Although pictures appear in the data, the answer should contain only the lines from its start through the line with "Approximately 34.82% showed", written out exactly.

━━━━━━━━

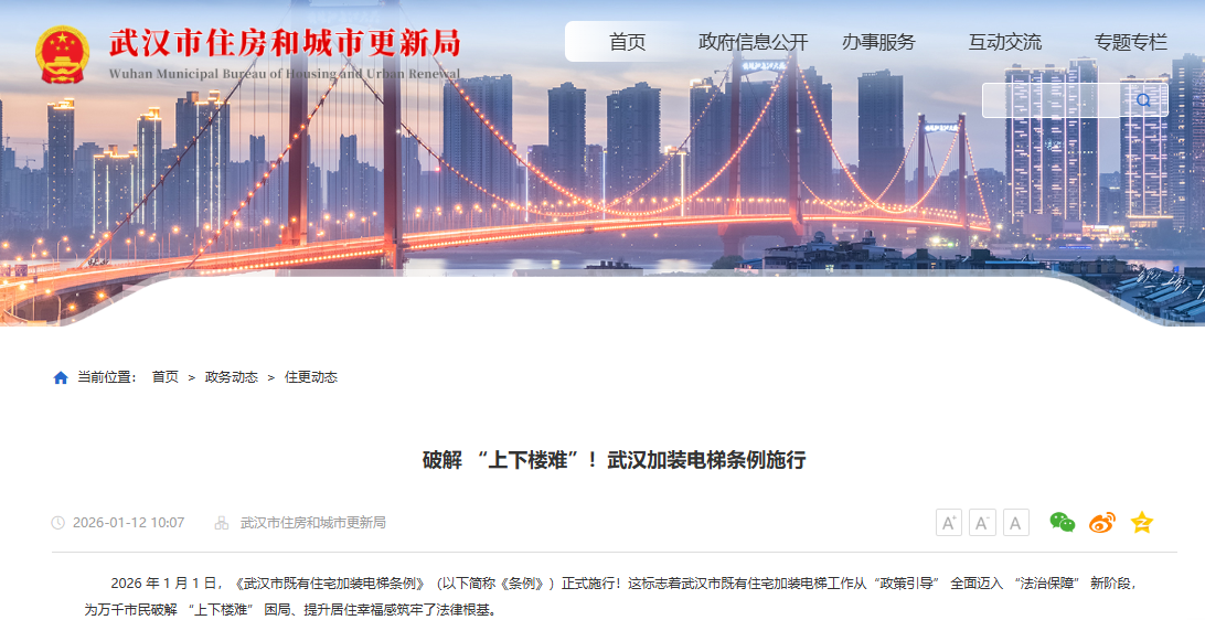 2026年1月1日,《武汉市既有住宅加装电梯条例》正式施行,标志着这项民生工程从“政策引导”迈入“法治保障”新阶段。作为全国首部专门规范既有住宅加装电梯的地方性法规,该条例以35条细则构建起全链条管理体系,为破解老年人“上下楼难”问题提供了坚实的法治支撑。
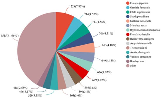 Approximately 34.82% showed matches to entries in the Nr protein database through BLASTx, with an E-value cutoff of 1e-5. The top sequence matches were found in Eumeta japonica (1228, 7.85%), followed by O. furnacalis (714, 4.57%), Chilo suppressalis (713, 4.56%), Spodoptera litura (706, 4.51%,) and so on (Figure 2).
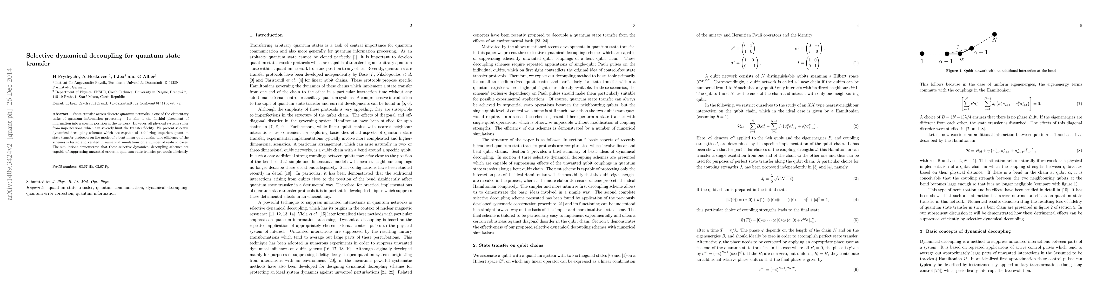 State transfer across discrete quantum networks is one of the elementary tasks of quantum information processing. Its aim is the faithful placement of information into a specific position in the network. However, all physical systems suffer from imperfections, which can severely limit the transfer fidelity. We present selective dynamical decoupling schemes which are capable of stabilizing imperfect quantum state transfer protocols on the model of a bent linear qubit chain. The efficiency of the schemes is tested and verified in numerical simulations on a number of realistic cases. The simulations demonstrate that these selective dynamical decoupling schemes are capable of suppressing unwanted errors in quantum state transfer protocols efficiently.
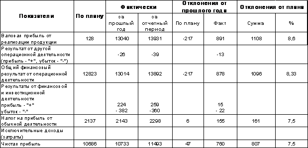 Из приведенных в таблице данных видно, что фактическая чистая прибыль увеличилась сравнительно с планом на 807,0 тыс. грн., или на 7,5%, причем весь прирост практически обеспечен за счет перевыполнения плана по прибыли от реализации товарной продукции (+1108 тыс. грн., или 8,6%). Убытки от другой операционной деятельности уменьшили чистую прибыль на 39 тыс. грн., или на 0,3% (39 х 100 / 12823). Убыточное сальдо от финансовой и инвестиционной деятельности привело к уменьшению чистой прибыли на 101,0 тыс. грн., или на 0,7%(101 х 100 / 12823). Однако, сравнительно с прошлым годом оно уменьшилось на 37,0 тыс. грн., или на 50%, возросли сравнительно с прошлым годом убытки от другой операционной деятельности.
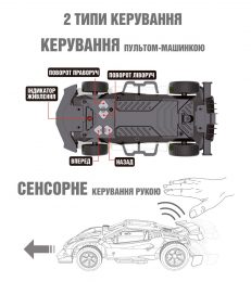 Такі характеристики дозволяють автомобілю GESTURE SENSING з р/к та з сенсорним керуванням – DIZZY імітувати маневри справжньої машини, забезпечувати стійкість і краще зчеплення автомобіля з дорогою.
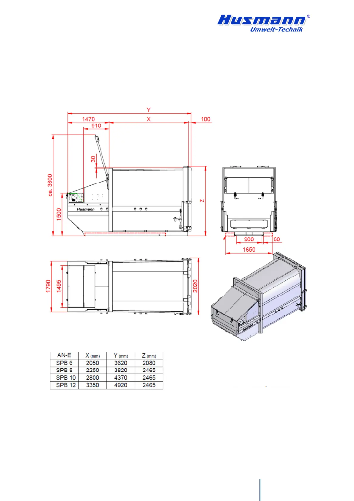Husmann SPB - Dimensioned Drawings of Portable Compactors
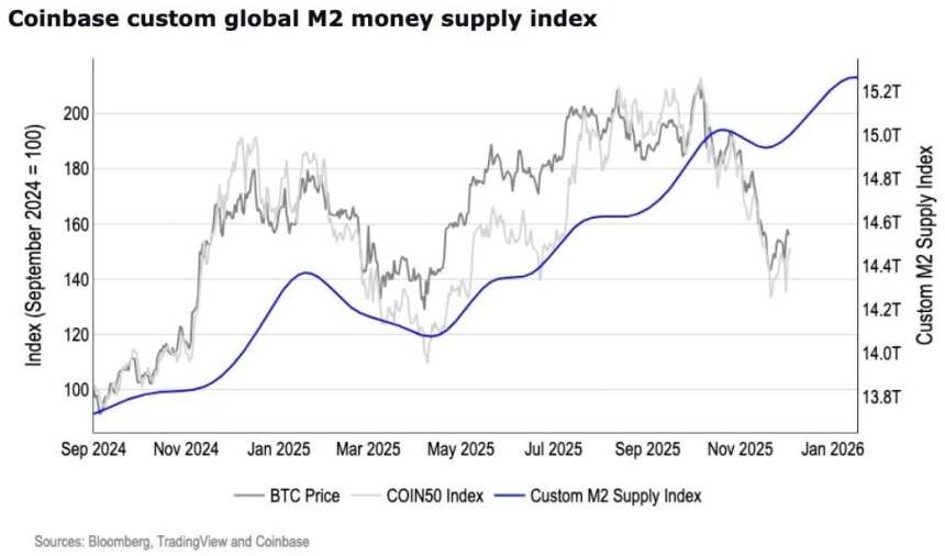 The institutional arm of Coinbase also shared an image illustrating its custom global M2 money-supply index, showing bitcoin‘s price, the COIN50 Index, and its M2 supply gauge. The visual highlighted a rising liquidity trend through late 2025 even as crypto prices oscillated, reinforcing the institution’s view that systemic liquidity may be turning more supportive.
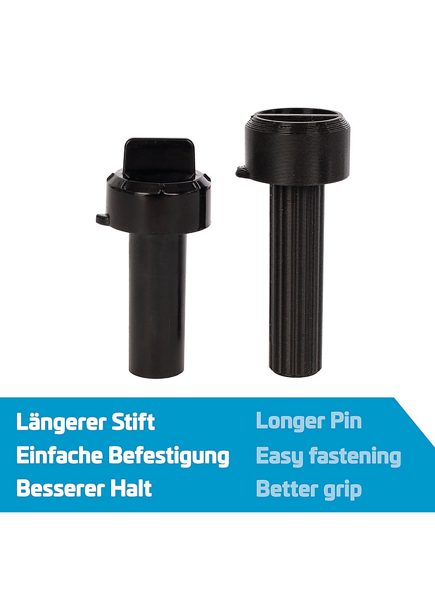 Cette goupille de rechange a été conçue pour être une copie exacte de l'originale et fonctionne tout aussi simplement. Placez le blaster sur le trépied, insérez la goupille dans l'ouverture prévue et tournez-la légèrement jusqu'à ce que le verrou à baïonnette intégré s'enclenche solidement. Votre blaster est maintenant de nouveau connecté de manière stable au trépied et prêt pour la prochaine bataille.

━━━━━━━━

• [Response to this task]
 2026年1月1日,《武汉市既有住宅加装电梯条例》正式施行,标志着这项民生工程从“政策引导”迈入“法治保障”新阶段。作为全国首部专门规范既有住宅加装电梯的地方性法规,该条例以35条细则构建起全链条管理体系,为破解老年人“上下楼难”问题提供了坚实的法治支撑。
 Approximately 34.82% showed matches to entries in the Nr protein database through BLASTx, with an E-value cutoff of 1e-5. The top sequence matches were found in Eumeta japonica (1228, 7.85%), followed by O. furnacalis (714, 4.57%), Chilo suppressalis (713, 4.56%), Spodoptera litura (706, 4.51%,) and so on (Figure 2).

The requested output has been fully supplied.